Bug 777966 - Replace regex <br> matching with replaceBrs(). r=lucasr

--HG-- extra : rebase_source : 0cbe7d9788e551ea1412cb014f92cd5b7b038093
2012-08-06 10:54:24 -07:00 · 2012-08-06 10:54:24 -07:00 · 51ae0e7114
--- a/mobile/android/chrome/content/Readability.js
+++ b/mobile/android/chrome/content/Readability.js
@ -73,7 +73,6 @@ Readability.prototype = {
    negative: /combx|comment|com-|contact|foot|footer|footnote|masthead|media|meta|outbrain|promo|related|scroll|shoutbox|sidebar|sponsor|shopping|tags|tool|widget/i,
    extraneous: /print|archive|comment|discuss|e[\-]?mail|share|reply|all|login|sign|single/i,
    divToPElements: /<(a|blockquote|dl|div|img|ol|p|pre|table|ul)/i,
-    replaceBrs: /(<br[^>]*>[ \n\r\t]*){2,}/gi,
    replaceFonts: /<(\/?)font[^>]*>/gi,
    trim: /^\s+|\s+$/g,
    normalize: /\s{2,}/g,
@ -283,11 +282,80 @@ Readability.prototype = {
      styleTags[st].textContent = "";
    }

-    // Turn all double br's into p's. Note, this is pretty costly as far
-    // as processing goes. Maybe optimize later.
-    doc.body.innerHTML =
-        doc.body.innerHTML.replace(this.REGEXPS.replaceBrs, '</p><p>').
-            replace(this.REGEXPS.replaceFonts, '<$1span>');
+    this._replaceBrs(doc.body);
+
+    doc.body.innerHTML = doc.body.innerHTML.replace(this.REGEXPS.replaceFonts, '<$1span>');
+  },
+
+  /**
+   * Replaces 2 or more successive <br> elements with a single <p>.
+   * Whitespace between <br> elements are ignored. For example:
+   *   <div>foo<br>bar<br> <br><br>abc</div>
+   * will become:
+   *   <div>foo<br>bar<p>abc</p></div>
+   */
+  _replaceBrs: function (elem) {
+    // ignore whitespace between elements
+    let whitespace = /^\s*$/;
+
+    /**
+     * Finds the next element, starting from the given node, and ignoring
+     * whitespace in between. If the given node is an element, the same node is
+     * returned.
+     */
+    function nextElement(node) {
+      let next = node;
+      while (next
+          && (next.nodeType != Node.ELEMENT_NODE)
+          && !whitespace.test(next.textContent)) {
+        next = next.nextSibling;
+      }
+      return next;
+    }
+
+    let brs = elem.getElementsByTagName("br");
+    for (let i = 0; i < brs.length; i++) {
+      let br = brs[i];
+      let next = br.nextSibling;
+
+      // Whether 2 or more <br> elements have been found and replaced with a
+      // <p> block.
+      let replaced = false;
+
+      // If we find a <br> chain, remove the <br>s until we hit another element
+      // or non-whitespace.
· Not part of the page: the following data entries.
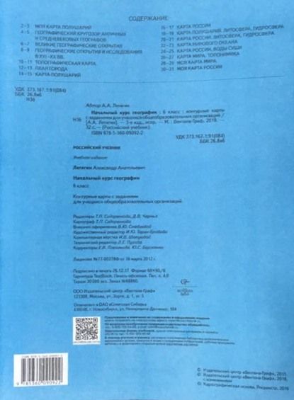 Контурные карты 2 части курса «Начальный курс географии» предназначены к использованию в комплекте с атласом и учебником по географии того же автора, входящим в Федеральный перечень учебников. Контурные карты содержат задания, что позволяет закрепить знания по темам: великие географические открытия, план и топографическая карта, географические оболочки Земли, географические объекты мира и России, Мировой океан и воды суши и др. Перечень контурных карт соответствует образовательному стандарту основного общего образования по географии.
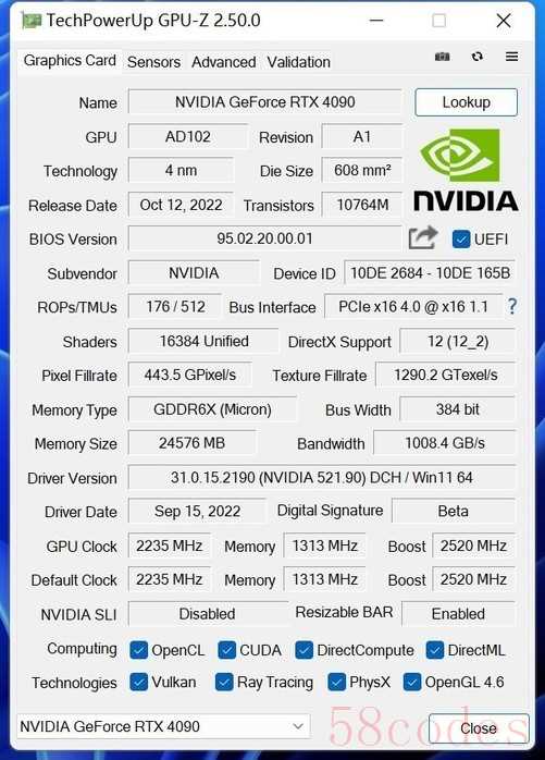 首先看一下GPU-Z的参数,NVIDIA GeForce RTX 4090采用AD102核心,采用TSMC 4nm定制工艺(TSMC 4 nm NVIDIA Custom Process),芯片面积608平方毫米,这里相对于RTX 30系的GA102的628平方毫米更小。拥有16384个CUDA,相比RTX 3090 Ti的10752多52%,Boost频率达到了2520MHz,而RTX 3090 Ti为1860MHz,提升非常大。采用24GB GDDR6X Micron显存,位宽为384bit,显存带宽达到了1008.4 GB/s,光栅单元和纹理单元为176和512。05 理论性能测试
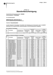Anlage 1, Blatt 2 Die Emissionen der in der Standortbescheinigung berücksichtigten Sendeantennen sowie die von umliegenden ortsfesten Funkanlagen herrührenden relevanten Immissionen wurden bei der Festlegung des einzuhaltenden standortbezogenen Sicherheitsabstandes bzw. der einzuhaltenden Sicherheitsabstände (diese sind auf dem Deckblatt dieser Standortbescheinigung angegeben) berücksichtigt. Bundesnetzagentur Außenstelle Augsburg Diese Standortbescheinigung wurde maschinell erstellt und ist ohne Unterschrift gültig
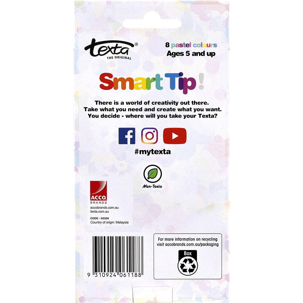 Texta Smart Tip Colouring In Markers Pastel Assorted Pack Of 8
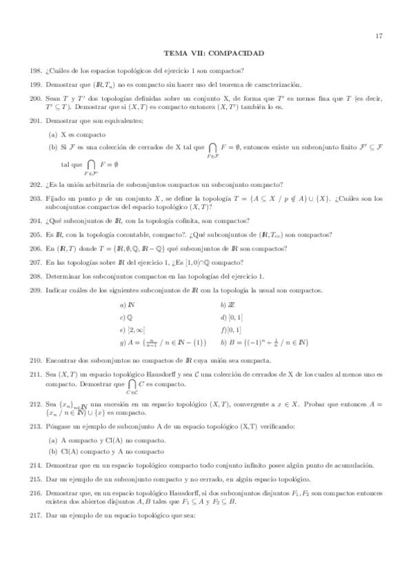 Hojas de Problemas Topologia General

This leaves behind the first <br> in the chain
+      // (which will be replaced with a <p> later).
+      while ((next = nextElement(next)) && (next.tagName == "BR")) {
+        replaced = true;
+        let sibling = next.nextSibling;
+        next.parentNode.removeChild(next);
+        next = sibling;
+      }
+
+      // If we removed a <br> chain, replace the remaining <br> with a <p>. Add
+      // all sibling nodes as children of the <p> until we hit another <br>
+      // chain.
+      if (replaced) {
+        let p = this._doc.createElement("p");
+        br.parentNode.replaceChild(p, br);
+
+        next = p.nextSibling;
+        while (next) {
+          // If we've hit another <br><br>, we're done adding children to this <p>.
+          if (next.tagName == "BR") {
+            let nextElem = nextElement(next);
+            if (nextElem && nextElem.tagName == "BR") {
+              break;
+            }
+          }
+          
+          // Otherwise, make this node a child of the new <p>.
+          let sibling = next.nextSibling;
+          p.appendChild(next);
+          next = sibling;
+        }
+      }
+    }
  },

  /**
@ -1109,10 +1177,10 @@ Readability.prototype = {
          let responseHtml = r.responseText.replace(/\n/g,'\uffff').replace(/<script.*?>.*?<\/script>/gi, '');
          responseHtml = responseHtml.replace(/\n/g,'\uffff').replace(/<script.*?>.*?<\/script>/gi, '');
          responseHtml = responseHtml.replace(/\uffff/g,'\n').replace(/<(\/?)noscript/gi, '<$1div');
-          responseHtml = responseHtml.replace(this.REGEXPS.replaceBrs, '</p><p>');
          responseHtml = responseHtml.replace(this.REGEXPS.replaceFonts, '<$1span>');

          page.innerHTML = responseHtml;
+          this._replaceBrs(page);

          // Reset all flags for the next page, as they will search through it and
          // disable as necessary at the end of grabArticle.